Anzi. Per lui la priorità è un´altra: sciogliere il nodo sulla sua nomina a presidente del Parco dell´Appia Antica, all´interno della città. La delibera è pronta da mesi. L´ha depositata in giunta regionale l´assessore all´Ambiente Filiberto Zaratti e prima di lui il suo predecessore, Angelo Bonelli, adesso deputato. Ma il veto della Margherita sulla nomina del soprintendente che l´ex sindaco di Roma Rutelli chiamava "signor no" ha paralizzato ogni decisione.

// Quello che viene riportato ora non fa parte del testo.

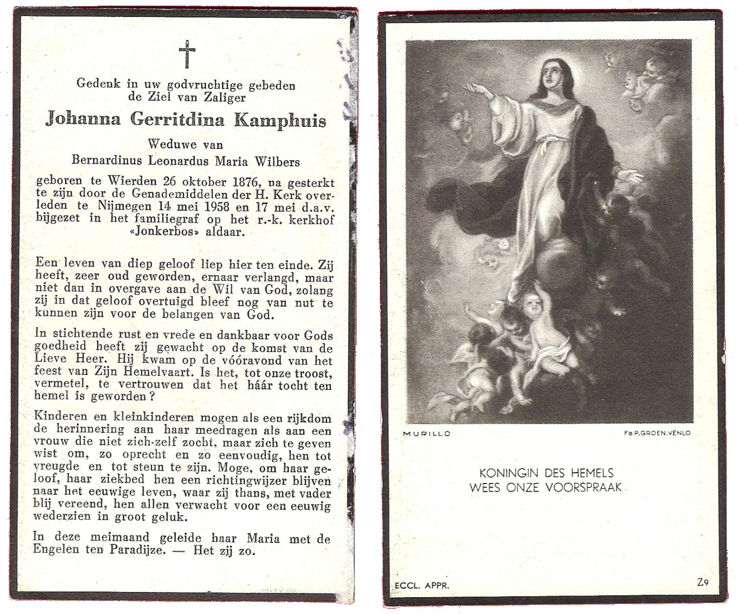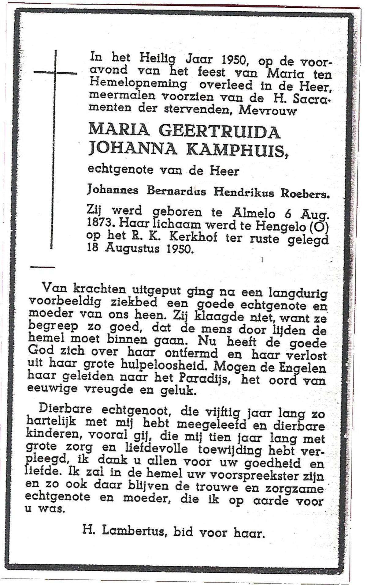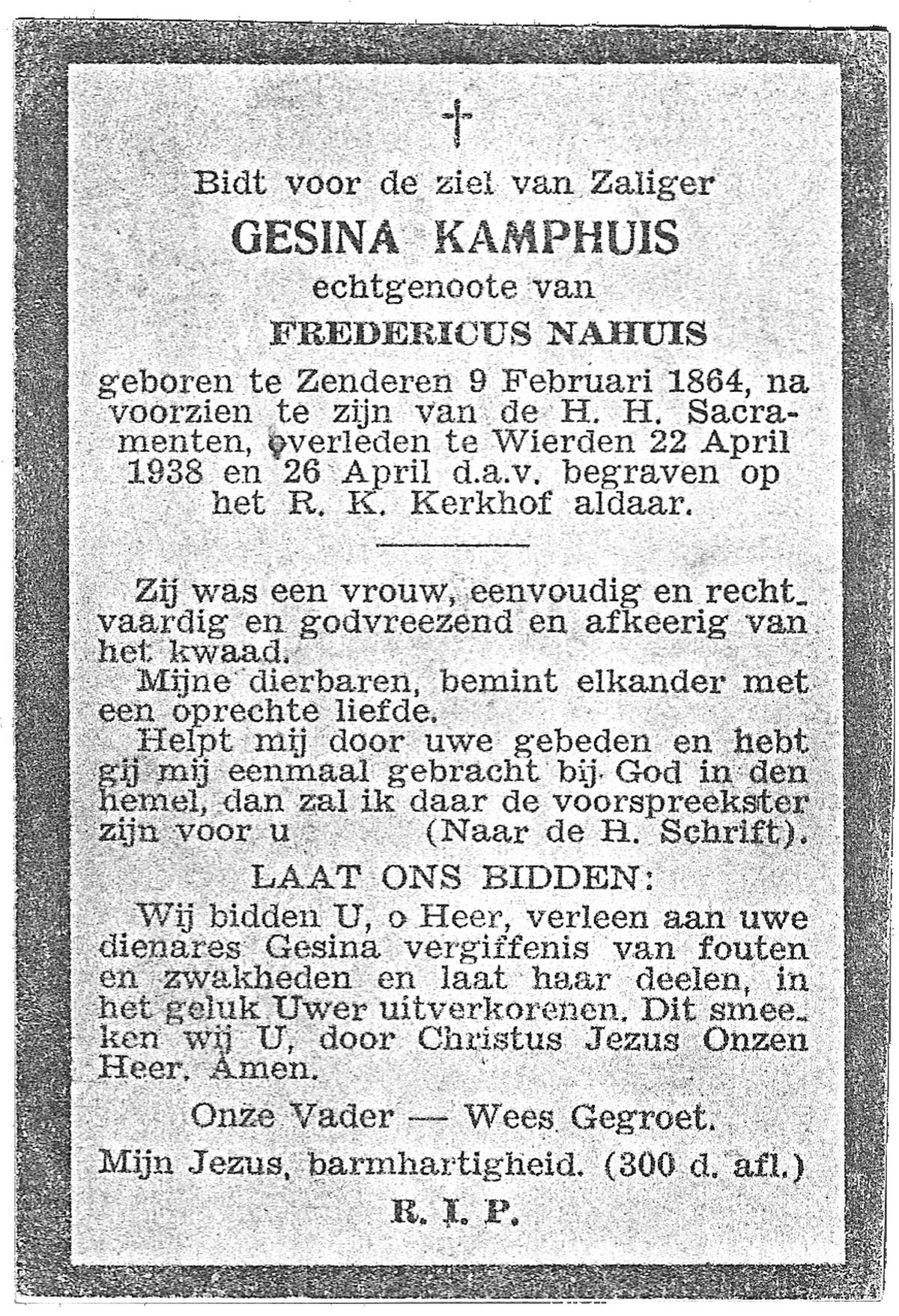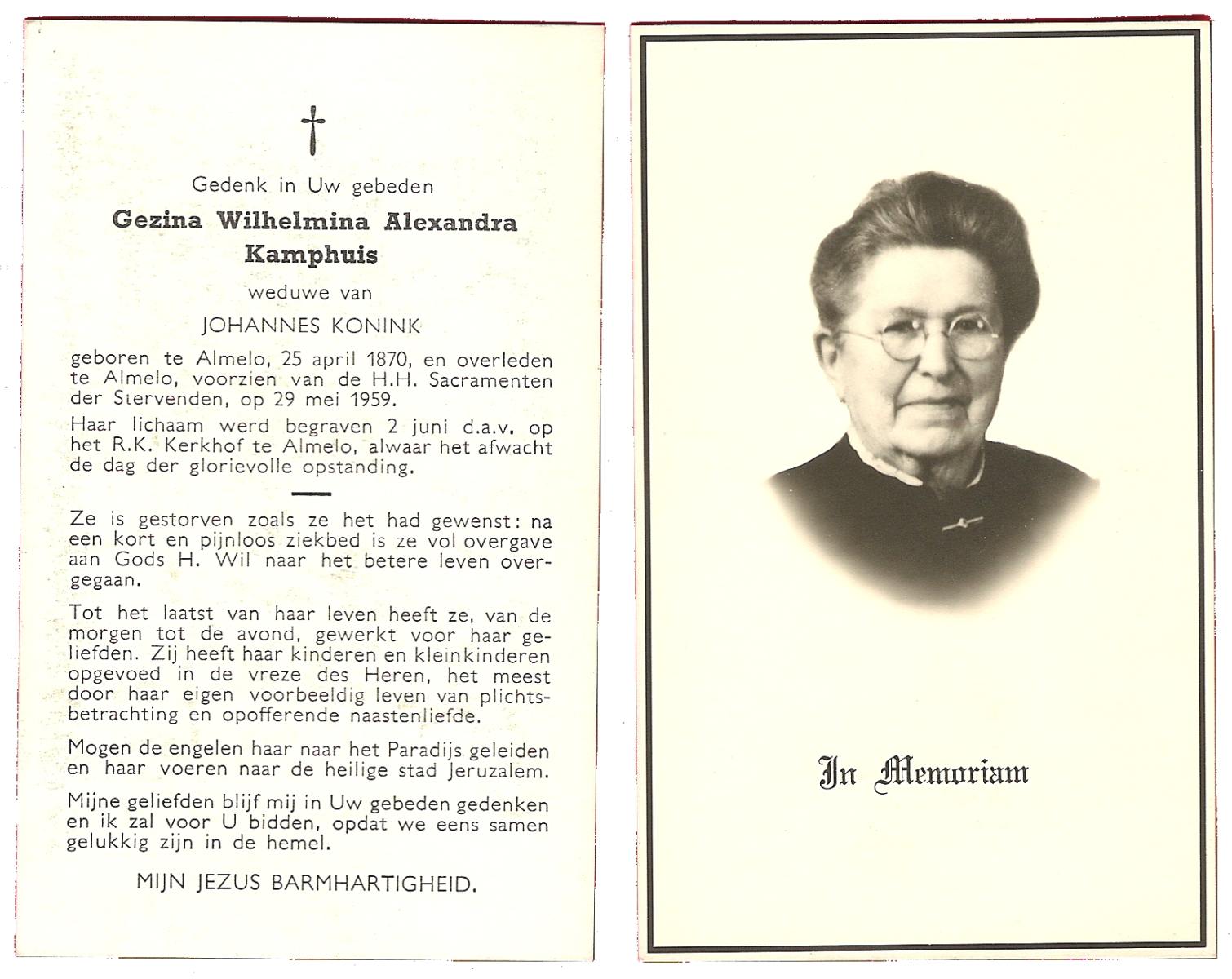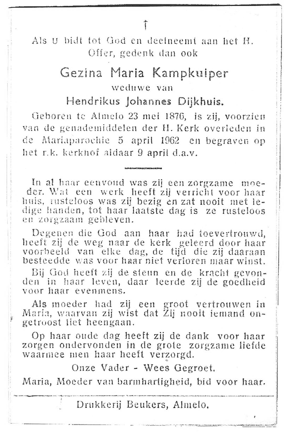 KAMPKUIPER, Gezina Maria, geboren op 23-05-1876 te Almelo, overleden op 5-4-1962 te Mariaparochie op 85-jarige leeftijd, begraven op 9-4-1962 te Mariaparochie.

La giunta regionale è convocata per domani alle 14.30, ma nemmeno in questa occasione c´è all´ordine del giorno la votazione sulle nomine, anche se Zaratti potrebbe portarla all´ultimo momento, come si dice "fuori sacco". Dal canto suo Zaratti ha intenzione di andare fino in fondo: «Porterò in votazione la delibera, poi ognuno si assumerà le sue responsabilità», dichiara. Sembra una lotta contro i mulini a vento: l´ordine del giorno è già zeppo di argomenti da discutere e votare.

La Regina ha le idee chiare. «A suo tempo - dice - mi era stato prospettato dalla Regione di occuparmi del parco dell´Appia Antica come presidente del consiglio direttivo. Dopo mesi aspetto ancora una loro decisione in tal senso. Solo se verrò nominato presidente sarò felice di inquadrare il parco dell´Appia in una prospettiva più ampia che comprenda l´intero tracciato della strada consolare, da Roma a Brindisi. Ma l´atto della Regione è prioritario».